DATASET SECTION |
BEGIN
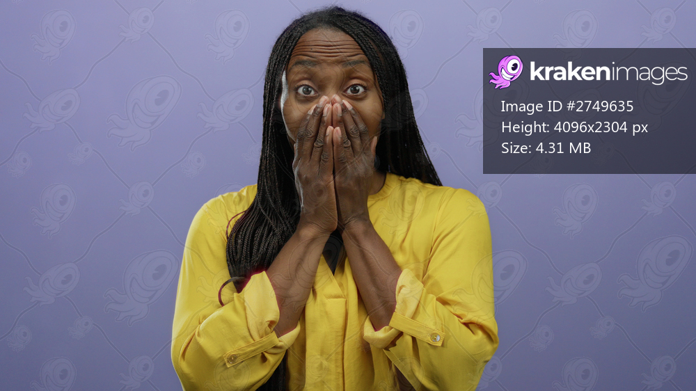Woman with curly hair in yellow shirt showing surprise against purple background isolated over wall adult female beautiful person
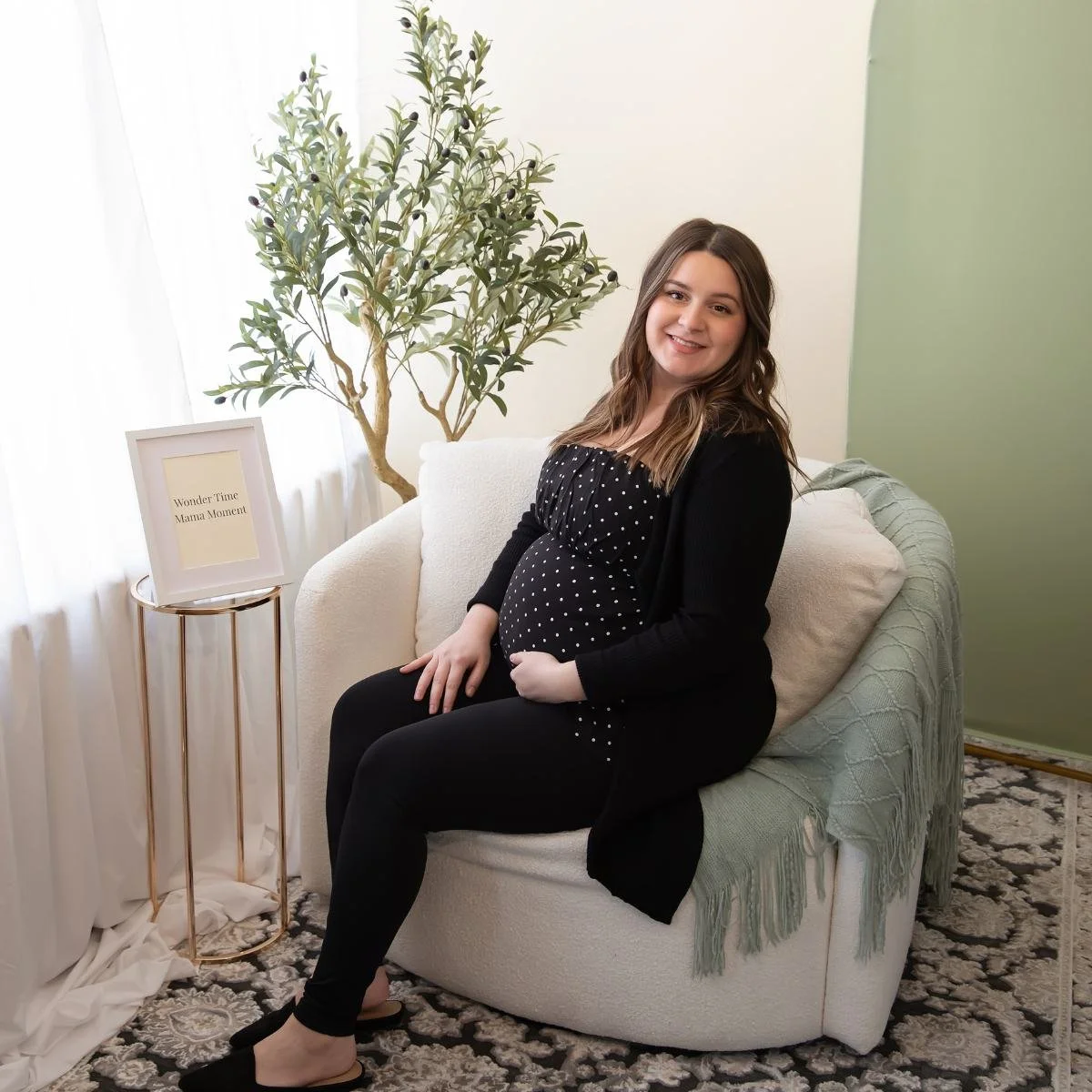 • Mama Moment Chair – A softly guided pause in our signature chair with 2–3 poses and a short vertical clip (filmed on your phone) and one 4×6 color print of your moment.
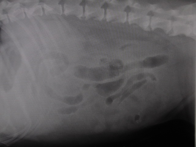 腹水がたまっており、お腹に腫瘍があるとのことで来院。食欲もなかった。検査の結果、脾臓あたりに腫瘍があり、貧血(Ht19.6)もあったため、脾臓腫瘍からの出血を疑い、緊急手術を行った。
END
INSTRUCTIONS TO FOLLOW | All of the data above must be printed exactly, minus its pictures.

EXERCISE SOLUTION |
Woman with curly hair in yellow shirt showing surprise against purple background isolated over wall adult female beautiful person
 • Mama Moment Chair – A softly guided pause in our signature chair with 2–3 poses and a short vertical clip (filmed on your phone) and one 4×6 color print of your moment.
 腹水がたまっており、お腹に腫瘍があるとのことで来院。食欲もなかった。検査の結果、脾臓あたりに腫瘍があり、貧血(Ht19.6)もあったため、脾臓腫瘍からの出血を疑い、緊急手術を行った。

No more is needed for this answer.